All’inizio del secolo scorso, siamo
più o meno nel suo secondo decennio, alcuni studiosi di
psicologia e fisiologia cominciarono a produrre una serie di studi
volti alla definizione di un concetto fondamentale per la comprensione
dell’uomo. Si parla del concetto di comportamento, e di
quello correlato di apprendimento. Il fatto curioso è che
questi studiosi prendevano in esame non l’essere umano, pur
cercando risposte per questi. Prendevano in esame, in prima battuta, il
comportamento animale. Erano topi e cani a decidere
dell’uomo. Il primo di questi strani studiosi fu Ivan
Petrovič Pavlov. Egli si rivolse ad un pubblico canino, inibendo o
agevolando quelli che saranno poi definiti riflessi condizionati ad un
cane attraverso il suono di un campanellino. La storia è
questa: il fisiologo (Pavlov) suonava una campanella appena prima della
somministrazione del cibo all’animale, e questo avveniva per
diverse volte, fin quando l’inconsapevole quadrupede non
gocciolava festoso dalla lingua ogni volta che sentiva uno
scampanellio, indipendentemente dalla successiva somministrazione di
cibo. Edward Lee Thorndike, invece, poco tempo più
tardi, elaborò un giochino ancora più
sofisticato: era solito mettere un topolino all’interno di un
labirinto e osservarne il comportamento. In sostanza riuscì
a desumere dai suoi esperimenti che la cavia era in grado di rendersi
conto della destra e della sinistra, dunque di risolvere
l’intrico artificiale del labirinto, solo se ad ogni buona
riuscita casuale (o tenace) veniva associata una ricompensa,
generalmente un cibo saporito. Ne venne fuori la famosa legge
dell’effetto, che Edward Thorndike ed i suoi colleghi
comportamentisti allargarono per validità anche al
comportamento umano. Ci si soffermi adesso su quest’ultimo
esperimento. Il topolino sarebbe in grado di rendersi conto del proprio
ambiente, del labirinto nella fattispecie, in presenza di una cospicua
ricompensa. Altrimenti il topolino avrebbe affidato al caso la
soluzione alla sua morbida prigionia. Tuttavia si disse, discutendone
successivamente nella aule di psicologia, che tale legge postulata da
Thorndike non poteva in alcun modo essere allargata all’uomo,
in quanto quest’ultimo non segue il rigido schema che alla
stimolazione giustappone una risposta sempre uguale, in quanto in esso
(si perdoni la neutralità grammaticale affidata
all’essere umano) vigono una miriade di processi che
intervengono testardamente nel tragitto non così tanto
lineare che esiste tra lo stimolo e la risposta. E se invece
non fosse veramente così? Se invece l’essere umano
non subisse tutti questi processi che lo fanno un essere francamente
più complesso del topolino? Sarebbe un ragionamento fatto
per assurdo. Ma spesso, quando le cose non sono così chiare
come dovrebbero, il ragionamento per assurdo è uno degli
strumenti maggiormente fertili per un’analisi dei fatti.

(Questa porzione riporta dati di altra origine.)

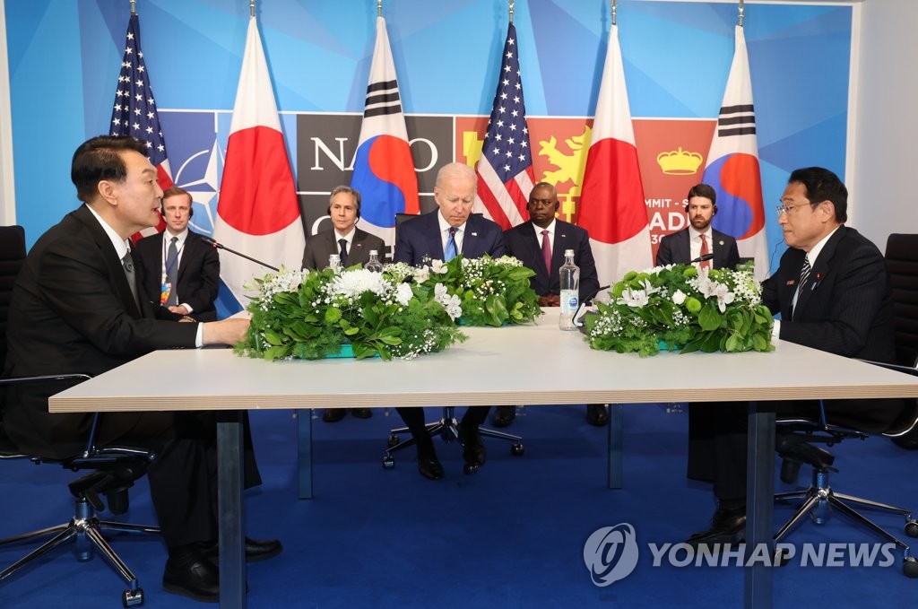 Yoon made the remark at the start of a trilateral meeting with U.S. President Joe Biden and Japanese Prime Minister Fumio Kishida on the sidelines of the North Atlantic Treaty Organization (NATO) summit in Madrid.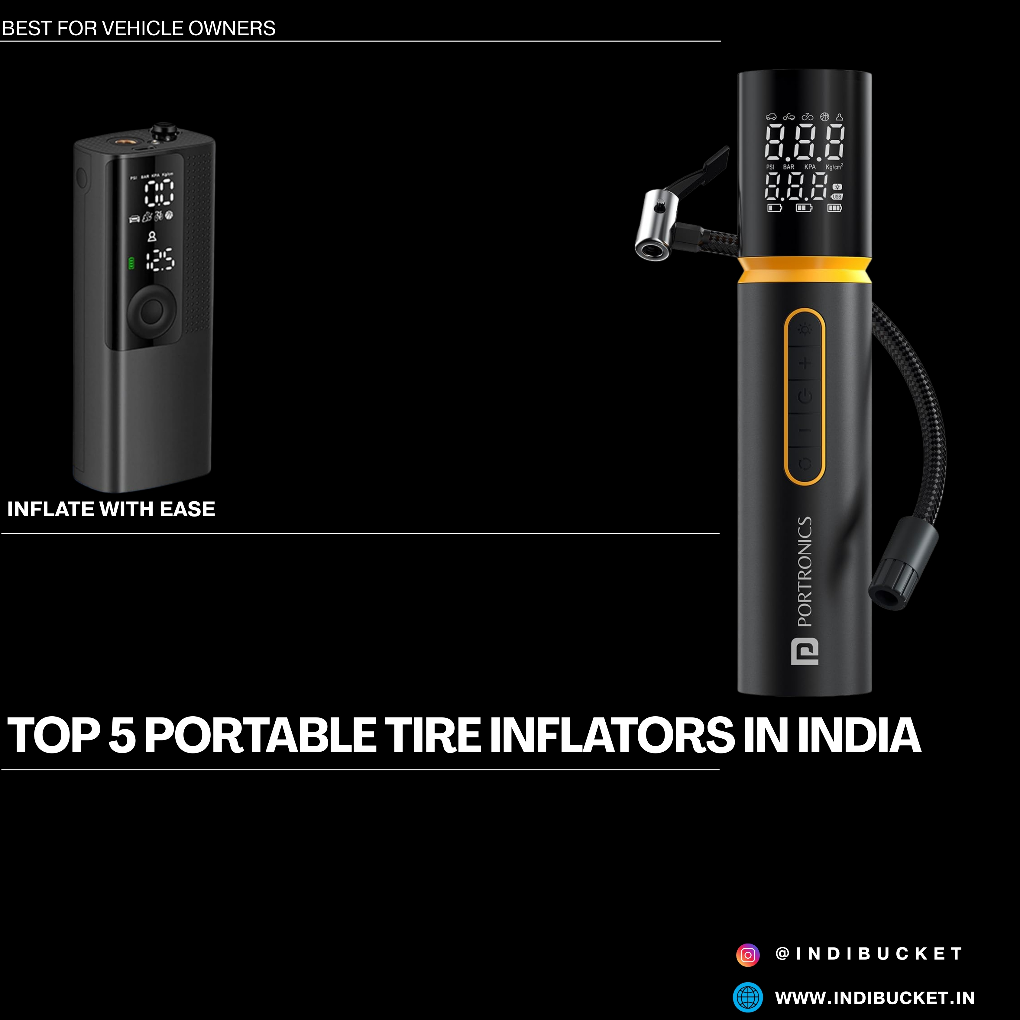 Portronics Vayu 5.0 Rechargeable Tyre Inflator 2. Airmoto Tire Inflator Portable Air Compressor 3. Qubo Smart Tyre Inflator by Hero Group 4. TUSA Cordless Tyre Inflator 5. AGARO Galaxy Cordless...

Quantomeno è affascinante. Ovviamente lo stesso vale per le
cose che sì sono chiare, ma che forse sarebbe meglio se
talvolta venissero messe in discussione, e forse questo è il
nostro caso. Si postuli allora
un’assurdità: l’essere umano
è come un topo, riesce a risolvere i problemi solo se messo
davanti ad una ricompensa (tutto sta nel decidere di questa ricompensa,
ma a questo si arriverà più sotto).
Così come il topolino di Thorndike aveva per sé
un luogo problematico, il labirinto all’interno del quale si
muoveva, c’è bisogno di rintracciare un luogo
problematico anche per quel che riguarda l’uomo. Diciamo che
tale luogo è nient’altro che l’ambiente
stesso all’interno del quale risiede l’essere
umano. L’ambiente tutto, la Terra, il mondo, che dir si
voglia. Certo che, per quanto improbabile, questo accostamento trova la
sua ragion d’essere nell’assurdità
postulata poco sopra, dunque non ci si preoccupi, non subito,
dell’aderenza di quest’accostamento alla
realtà.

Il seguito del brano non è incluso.